─── DATA SHOWN ───

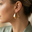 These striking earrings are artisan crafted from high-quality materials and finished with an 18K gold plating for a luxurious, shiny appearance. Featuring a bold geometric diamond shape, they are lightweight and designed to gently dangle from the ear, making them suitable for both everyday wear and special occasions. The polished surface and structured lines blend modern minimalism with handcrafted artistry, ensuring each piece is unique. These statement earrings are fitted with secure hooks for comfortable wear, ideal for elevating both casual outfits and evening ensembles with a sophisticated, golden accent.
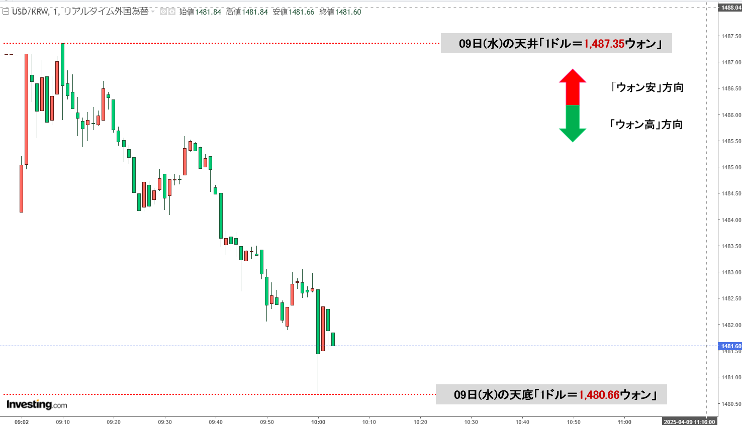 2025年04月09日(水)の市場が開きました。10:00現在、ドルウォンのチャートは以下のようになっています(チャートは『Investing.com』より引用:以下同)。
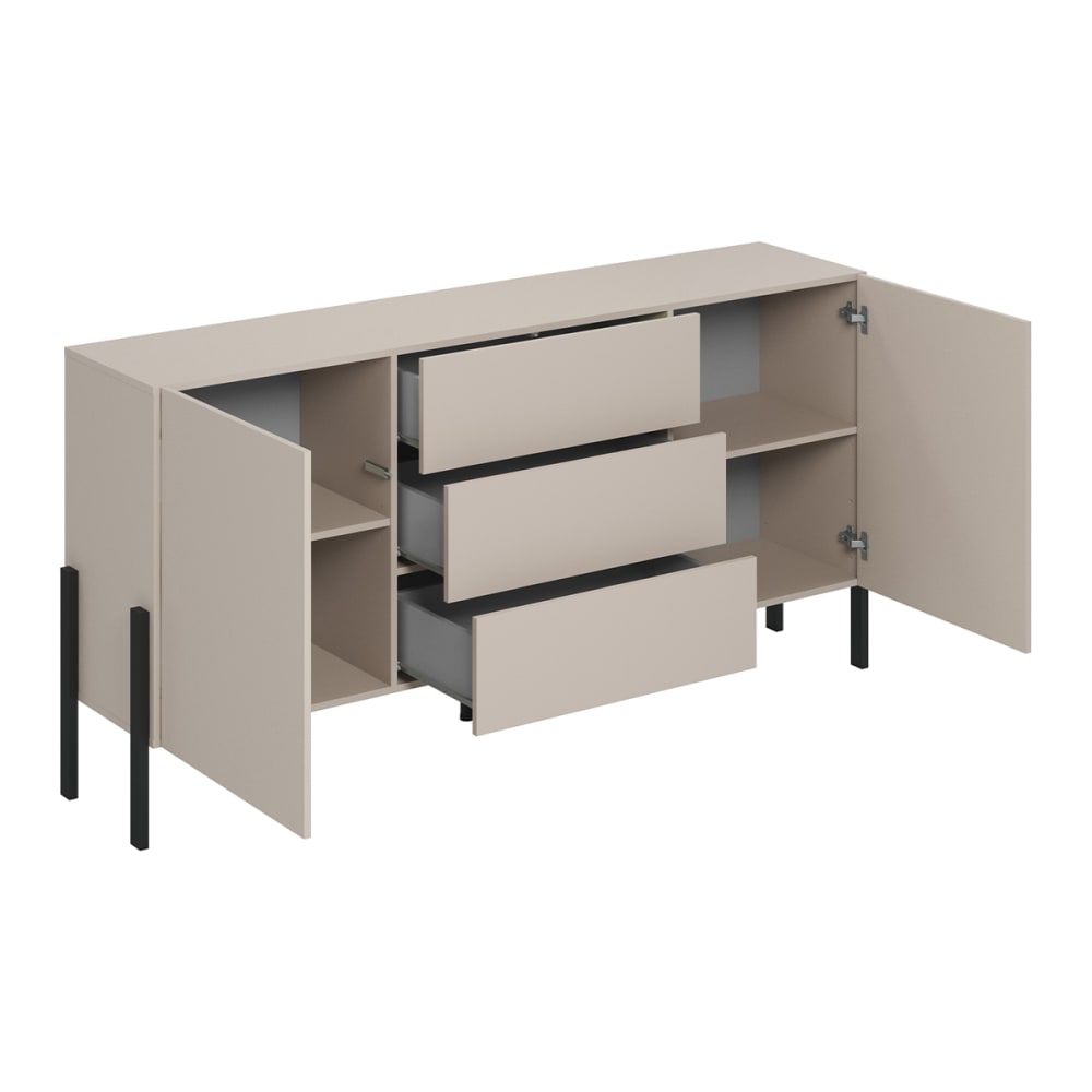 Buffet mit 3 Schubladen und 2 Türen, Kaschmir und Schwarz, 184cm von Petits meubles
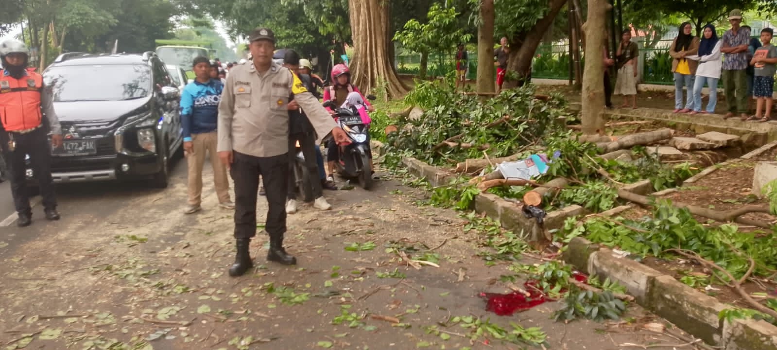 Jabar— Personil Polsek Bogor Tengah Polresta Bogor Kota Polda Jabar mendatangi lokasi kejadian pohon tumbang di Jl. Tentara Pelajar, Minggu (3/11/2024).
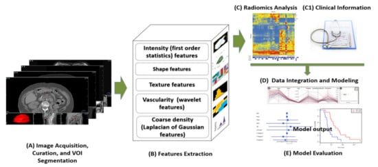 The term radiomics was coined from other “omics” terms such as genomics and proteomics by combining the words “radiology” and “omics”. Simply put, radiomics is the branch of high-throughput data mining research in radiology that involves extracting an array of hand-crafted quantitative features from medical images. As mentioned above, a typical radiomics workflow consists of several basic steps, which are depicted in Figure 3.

───

__YOUR GOAL__
What is needed is an exact repeat of the lines from the one containing "Buffet mit 3" through the last line of the records above, both included, with pictures left out.

__RESULT OF THIS TASK__
 Buffet mit 3 Schubladen und 2 Türen, Kaschmir und Schwarz, 184cm von Petits meubles
 Jabar— Personil Polsek Bogor Tengah Polresta Bogor Kota Polda Jabar mendatangi lokasi kejadian pohon tumbang di Jl. Tentara Pelajar, Minggu (3/11/2024).
 The term radiomics was coined from other “omics” terms such as genomics and proteomics by combining the words “radiology” and “omics”. Simply put, radiomics is the branch of high-throughput data mining research in radiology that involves extracting an array of hand-crafted quantitative features from medical images. As mentioned above, a typical radiomics workflow consists of several basic steps, which are depicted in Figure 3.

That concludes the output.